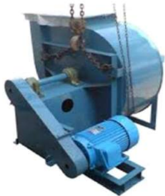
ID Fan System
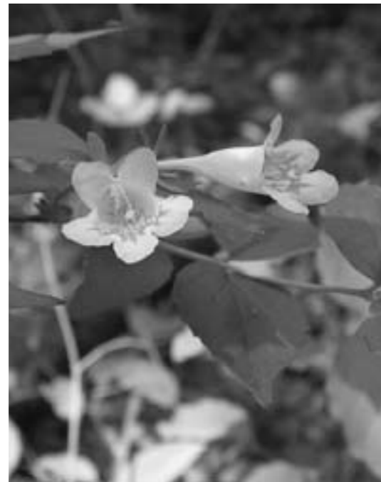
▲ツクバネウツギの花。白い花の中には黄色い網目模様があります。

ツクバネウツギは主に本州、四国、九州に生育する高さ2mほどの落葉低木です。多賀町では山間部でよく見ることができ、毎年4月から6月にかけて花を咲かせます。花は枝の先に白い花がふたつ並んで咲いており、花の形は筒状、そしてその中をよくみると黄色やオレンジ色の網目模様があります。そして花が咲き終わるとプロペラ状の細長い「かく片」が5枚ついた果実ができ、この形が羽根突きの羽に似ていることが名前の由来となっているといわれて
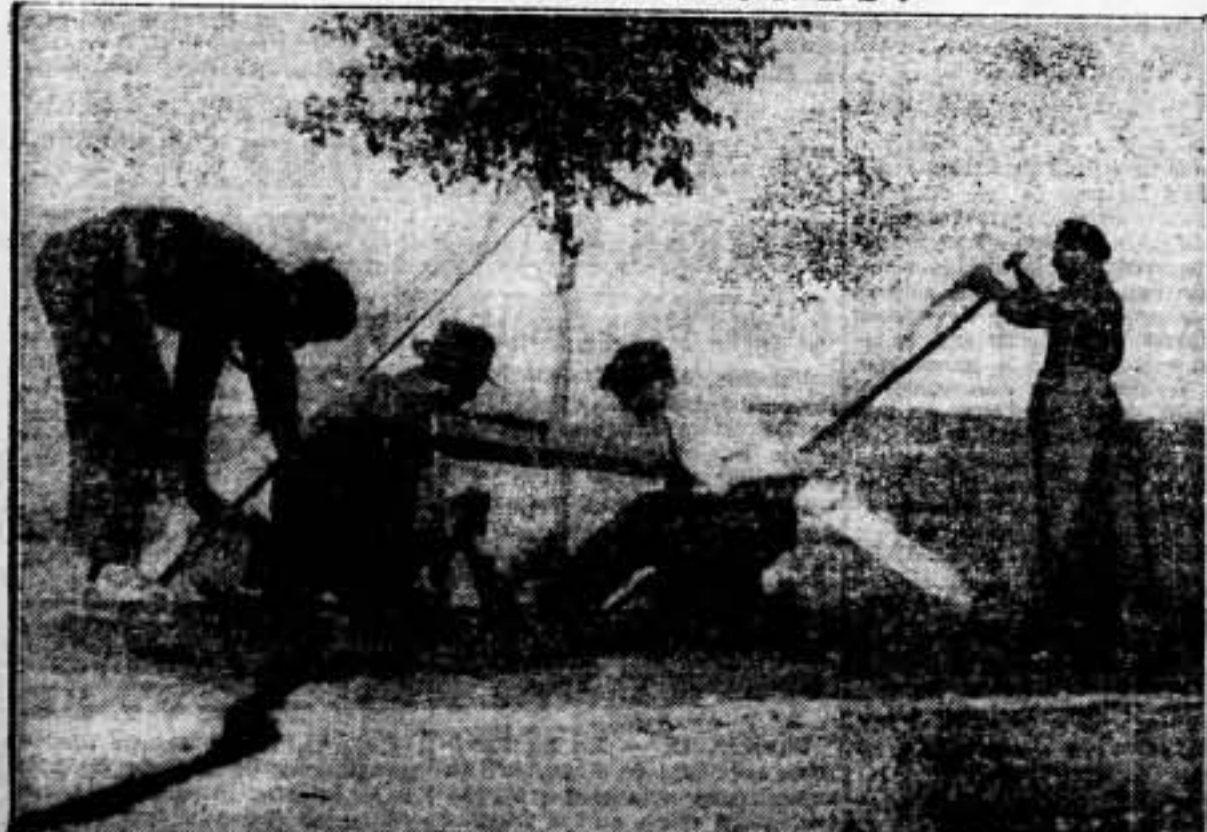
No nos olvidemos de fortificar. Sirvan nuestras llamadas de recuerdo, como esta «foto» debe servir de ejemplo para los que, debiendo emplearse en esta necesidad perentoria, se encuentran aún ociosos.
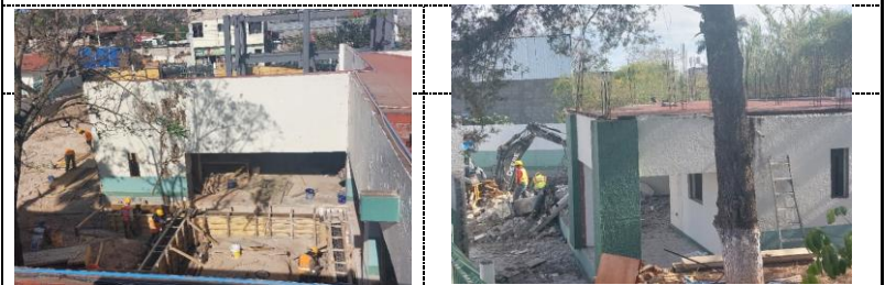
Suministro y colocación de acero de refuerzo en dados, zapata corrida y contratraves en Consultorios de Consulta Externa.
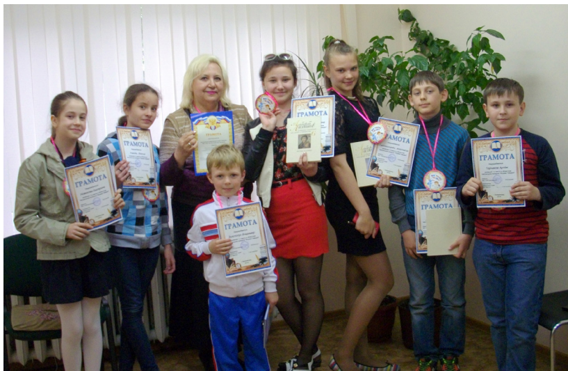
Ребята из театральной студии «Янтарики», ставшие победителями областного конкурса «Играем Гайдара» в 2014 г.
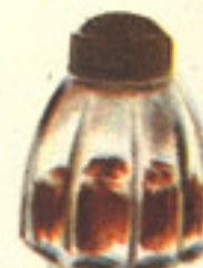
media cucharadita pimentón
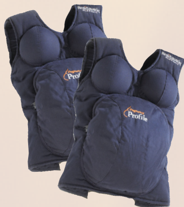
(1) Dos Chalecos de Perfil de Embarazo

¡Obtenga en un solo paquete un programa de paternidad y maternidad funcional, y listo para solo iniciar! Le ofrecerá a los participantes una mirada hacia el embarazo, (1) viendo las consecuencias del consumo de drogas y alcohol durante la gestación (2), cuidando a un recién nacido, (3) y preparando un plan para atender a un bebé que llora, previniendo así el Síndrome del Bebé Sacudido (4).
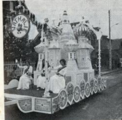
Les très beaux chars fleuris ont parcouru les rues de Margny-les-Compiègne sous les applaudissements des nombreux spectateurs.
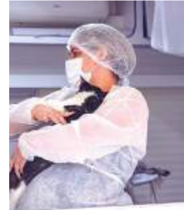
Vacinação segue até dia 31 de agosto

O principal critério para a vacinação é o animal estar em boas condições de saúde e ter, ao menos, três meses de idade. Além das ações da campanha realizada anualmente, a Prefeitura de Manaus mantém a vacina contra raiva animal disponível durante todo o ano na sede do CCZ, na avenida Brasil, s/nº, bairro Compensa, de segunda a sexta-feira, das 8h às 16h, sem necessidade de agendamento.
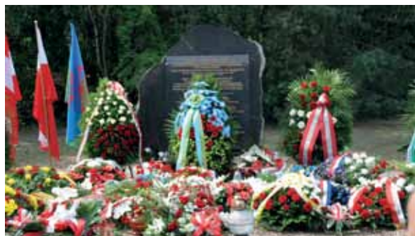
Inschrift des Gedenksteins: „Gewidmet allen, die als ganze Familien in den Himmel gezogen sind ... Zum Gedenken an etwa 4.300 Roma und Sinti aus Österreich, die im Jänner 1942 aus dem Ghetto Litzmannstadt in das Vernichtungslager Kulmhof verschleppt und dann im selben Monat von den deutschen Besatzern ermordet wurden. Ihre Schreie und Leiden nahm der Erdboden auf, der die Asche tausender Opfer verbirgt. Wir werden Euch nie vergessen!“
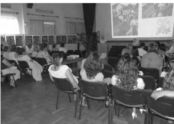
A Dobozi Népdalkörrel a közönség is együtt énekel

A dobozi Kulich Gyula Művelődési Ház a Társadalmi Megújulás Operatív Program Nevelési-oktatási intézmények tanórái, tanórán kívüli és szabadidős tevékenységeinek támogatása című felhívásra 43.880.445 Ft összegű támogatást nyert a TÁMOP-3.2.11/10-1-2010-0015 azonosító számú „Művelődő gyermekközösségek a szebb jövőért” – szemléletformálás a Körösök mentén című pályázatán. A pályázat célja, hogy a gyerekeket bevonjuk új tanulási programokba annak érdekében, hogy szabadidős tevékenységükben a leghatékonyabban segítsük kulturális nevelésüket, kompetenciafejlesztésüket, szemléletformálásukat, életmódjukat. A kivitelezés kez-
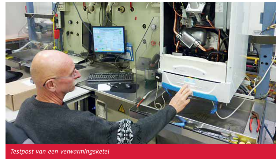
Testpost van een verwarmingsketel
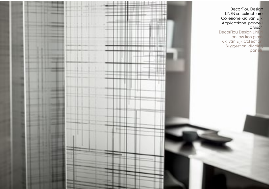
DecorFlou Design LINEN su extrachiaro. Collezioni Kiki van Eijk. Applicazione: pannelli divisori. DecorFlou Design LINEN on low iron glass. Kiki van Eijk Collection. Suggestion: dividing panels.
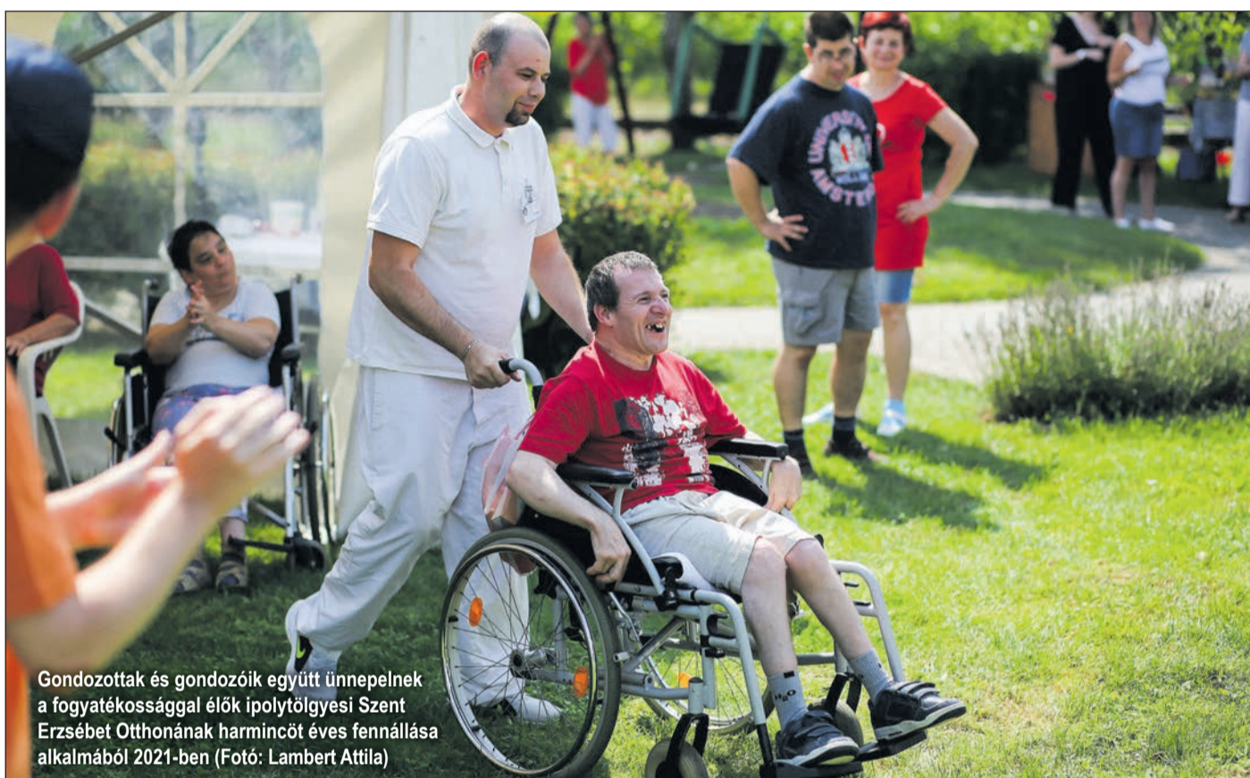
Gondozottak és gondozók együtt ünnepelnek a fogyatékossgal élők ipolytölgyesi Szent Erzsébet Otthonának harmincöt éves fennállása alkalmából 2021-ben
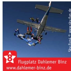
Flugplatz Dahlemer Binz www.dahlemer-binz.de
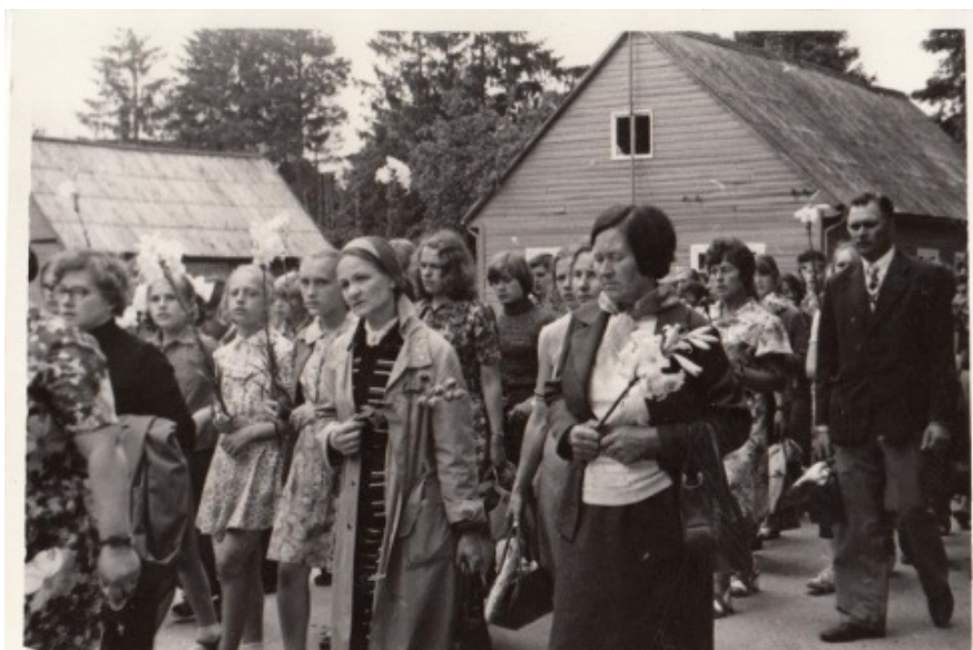
Eucharistinio Jėzaus kongregacijos seserys Šiluvoje. 1978 m.
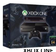
XBOX ONE KINEKT 500GB $1,399,000
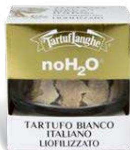
NOH 2 O® TARTUFO BIANCO CRIO-ESSICCATO ( Tuber magnatum Pico ) 2,5g
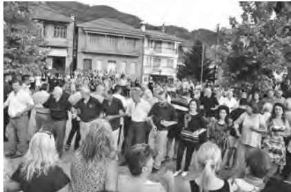
Καγκελάρι Πλ. Κοιμ. Θεοτόκου 2019

Το Καγκελάρι χορεύεται από όλους τους κατοίκους του χωριού, αλλά και από όσους ξένους παρευρίσκονται. Είναι λεβέντικος, λιτός και αυστηρός χορός. Οι εκατοντάδες των χορευτών που συμμετέ-
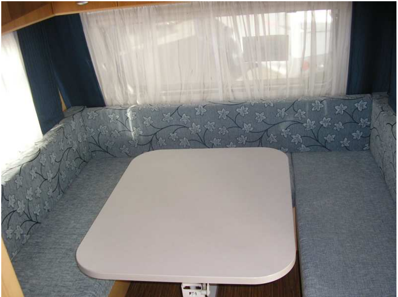
Gran salón comedor en forma de rotonda
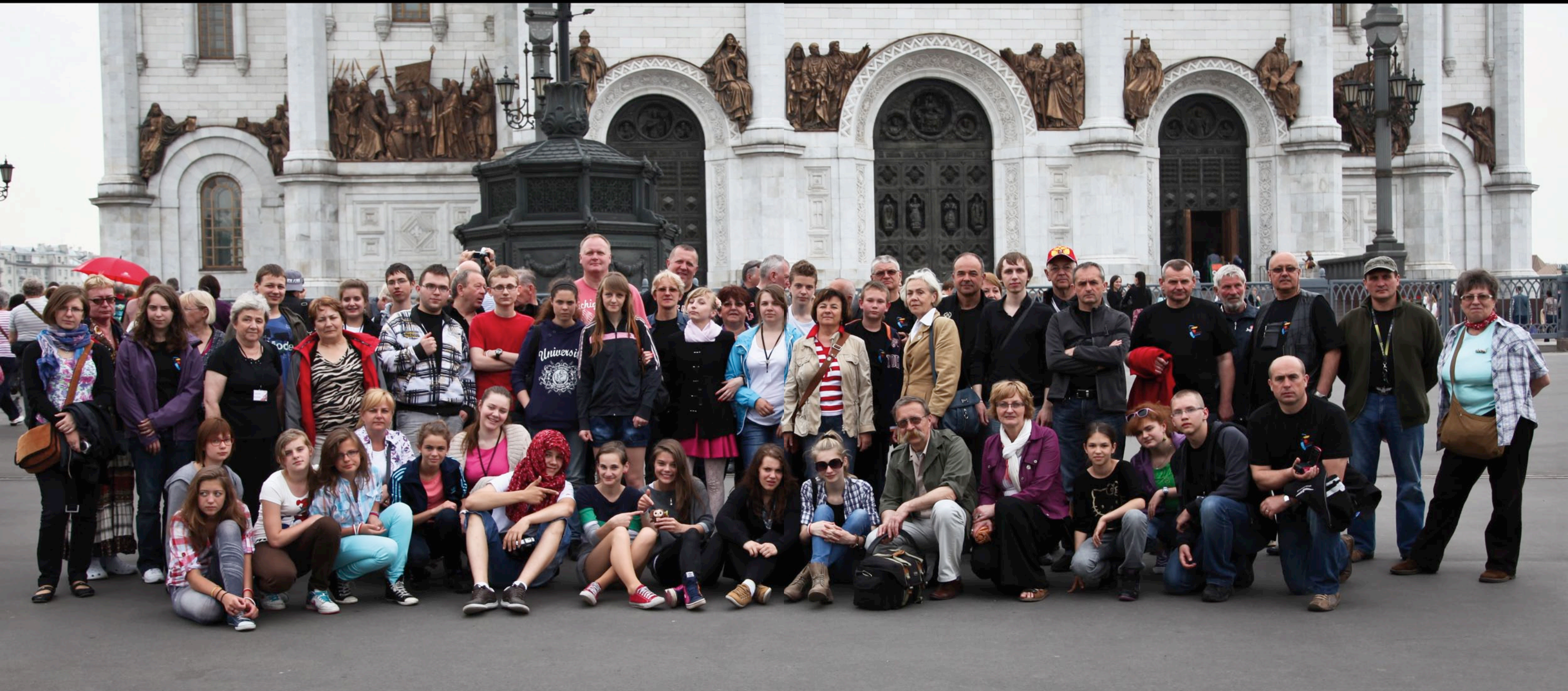
Uczestnicy Rajdu w Moskwie
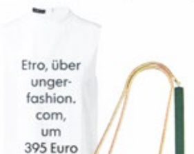
Etro, über unger-fashion.com, um 395 Euro

Bei Ihnen dreht sich am 24. Dezember alles um Gemütlichkeit: mit flachen Schuhen und schlichtem Seidenshirt vor dem Kamin sitzen, in Kindheitserinnerungen schwelgen und sich über Anekdoten des letzten Jahres amüsieren. Perfekte Ergänzung: relaxter Pop von Kelly Clarkson, Michael Bublé, Sting.
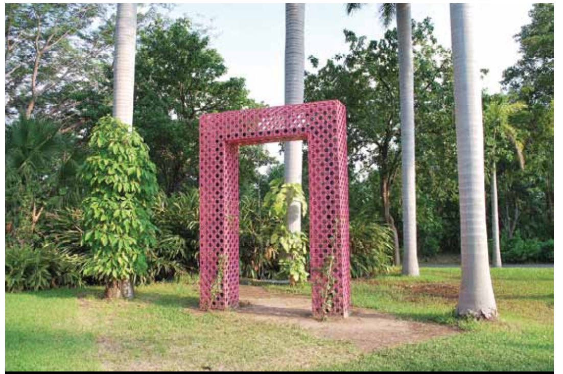
Dentro de las actividades de artes plásticas del Festival Internacional Cervantino habrá presencia del Jardín Botánico de Culiacán, aunque aún se desconoce si a través de alguna pieza o sólo con documentación.

El cartel del Cervantino se complementa con una serie de exposiciones de artistas mexicanos y extranjeros
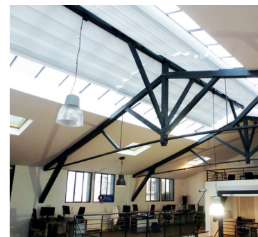
SOCIÉTÉ INFORMATIQUE 75 Paris
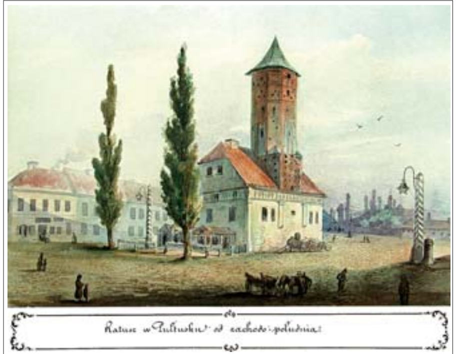
20. Pultusk, ratusz, (1405-1728), rys. 1844-1846. Atlas V. Gubernia Płocka, tabl. 25.

Powyższy przegląd obrazuje, jak wielkim i skomplikowanym przedsięwzięciem stało się dokumentowanie historycznej inwentaryzacji pisanej i ikonograficznej Kazimierza Stronczyńskiego oraz opracowanie komentarzy i sporządzenie porów-
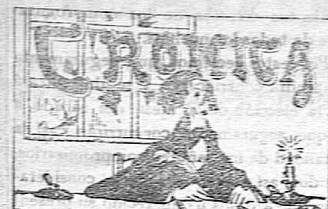
No va más
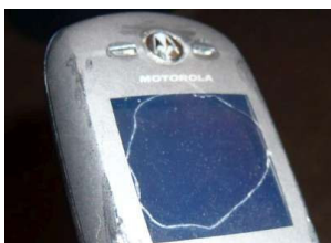
Figura 6.22: Celular vítima da raiva de Paulina

Em outra ocasião, encontro novamente Paulina, e comentamos a
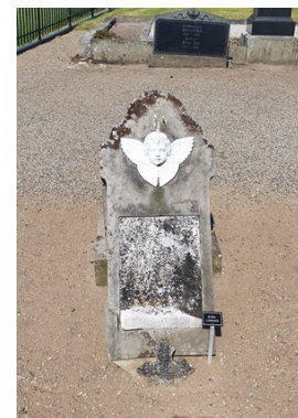
E 70 Sten med vit ängel i marmor och vit marmorplatta. Oläslig text, Söndrig. K.
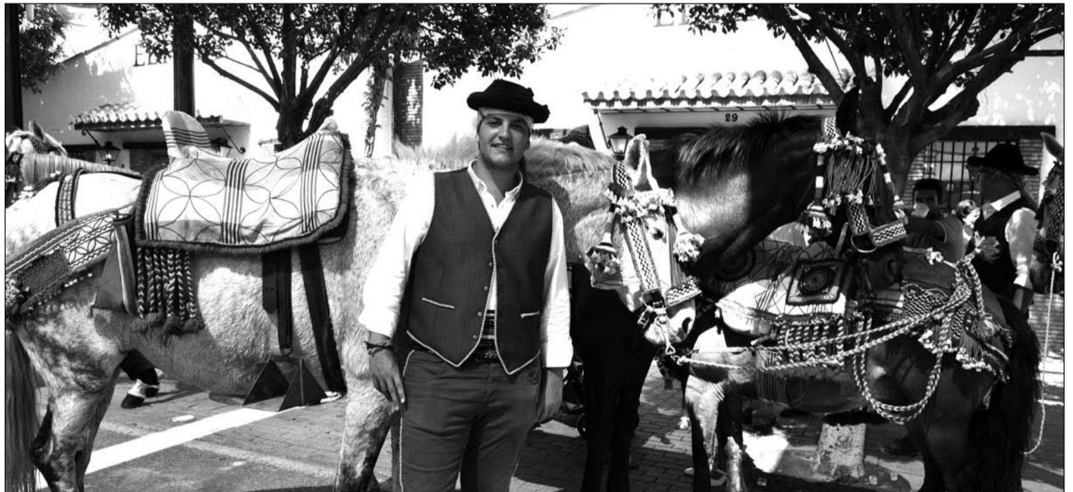
Uno de los caballistas desplazados de Ronda, ante algunos de los equinos.
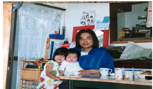
23年前、髪結床をオープンした頃

私の人生が決まった瞬間でした。十七歳と二ヶ月。私は美容師人生を導かれるような形で歩くようになったのでした。
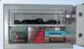
WSB 8 Sicherheitsstufe B mit Innentresor
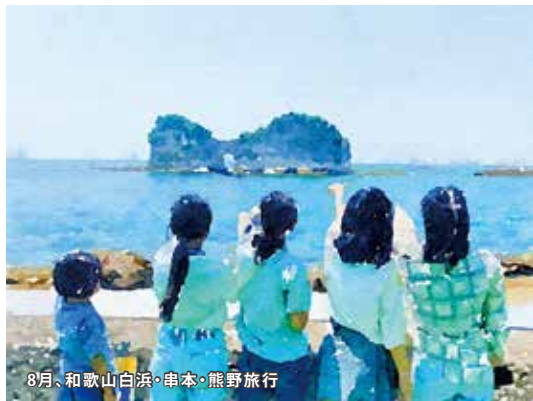
8月、和歌山白浜・串本・熊野旅行
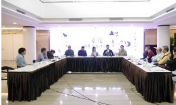
4/22 兩戲劇評會 3
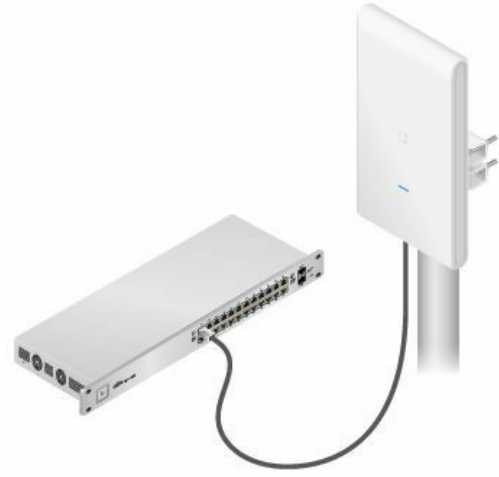
Connected to UniFi Switch, model US-24-250W

Connect the Ethernet cable from the UniFi AP directly to a PoE port on an 802.3af switch. PoE will automatically be enabled.
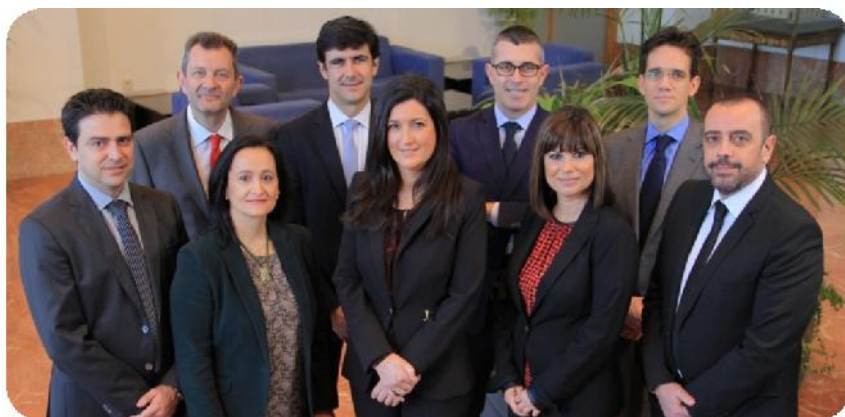
Órgano Ejecutivo valora prevención

Para conseguirlo, sabemos que son imprescindibles: la implicación y compromiso que consigamos de nuestro equipo humano , los vínculos estables que seamos capaces de crear con nuestros proveedores , nuestra contribución a la mejora de la sociedad a la que pertenecemos y, finalmente, a resultados de todo ello, que logremos obtener unos resultados económicos positivos .
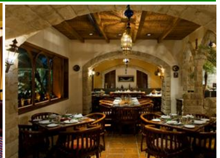
アル ナフォーラレストラン
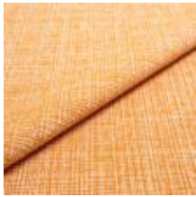
Funk CS 9311 peach 1008507
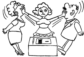
鳥栖市選挙管理委員会

市内に住んでいる人で市内のほかの町に転居した人の場合、5月20日までに市民課で異動届をした人は、新住所地の投票所で投票できます。5月21日以降の場合は、旧住所地になりますのでご注意ください。
________
* [TASK BRIEF]
Each line from the start of the entries above through the line with "(1) Dos Chalecos de Perfil de Embarazo" should be duplicated exactly, leaving out the pictures.

* [RESULT OF THIS EXERCISE]
ID Fan System
▲ツクバネウツギの花。白い花の中には黄色い網目模様があります。

ツクバネウツギは主に本州、四国、九州に生育する高さ2mほどの落葉低木です。多賀町では山間部でよく見ることができ、毎年4月から6月にかけて花を咲かせます。花は枝の先に白い花がふたつ並んで咲いており、花の形は筒状、そしてその中をよくみると黄色やオレンジ色の網目模様があります。そして花が咲き終わるとプロペラ状の細長い「かく片」が5枚ついた果実ができ、この形が羽根突きの羽に似ていることが名前の由来となっているといわれて
No nos olvidemos de fortificar. Sirvan nuestras llamadas de recuerdo, como esta «foto» debe servir de ejemplo para los que, debiendo emplearse en esta necesidad perentoria, se encuentran aún ociosos.
Suministro y colocación de acero de refuerzo en dados, zapata corrida y contratraves en Consultorios de Consulta Externa.
Ребята из театральной студии «Янтарики», ставшие победителями областного конкурса «Играем Гайдара» в 2014 г.
media cucharadita pimentón
(1) Dos Chalecos de Perfil de Embarazo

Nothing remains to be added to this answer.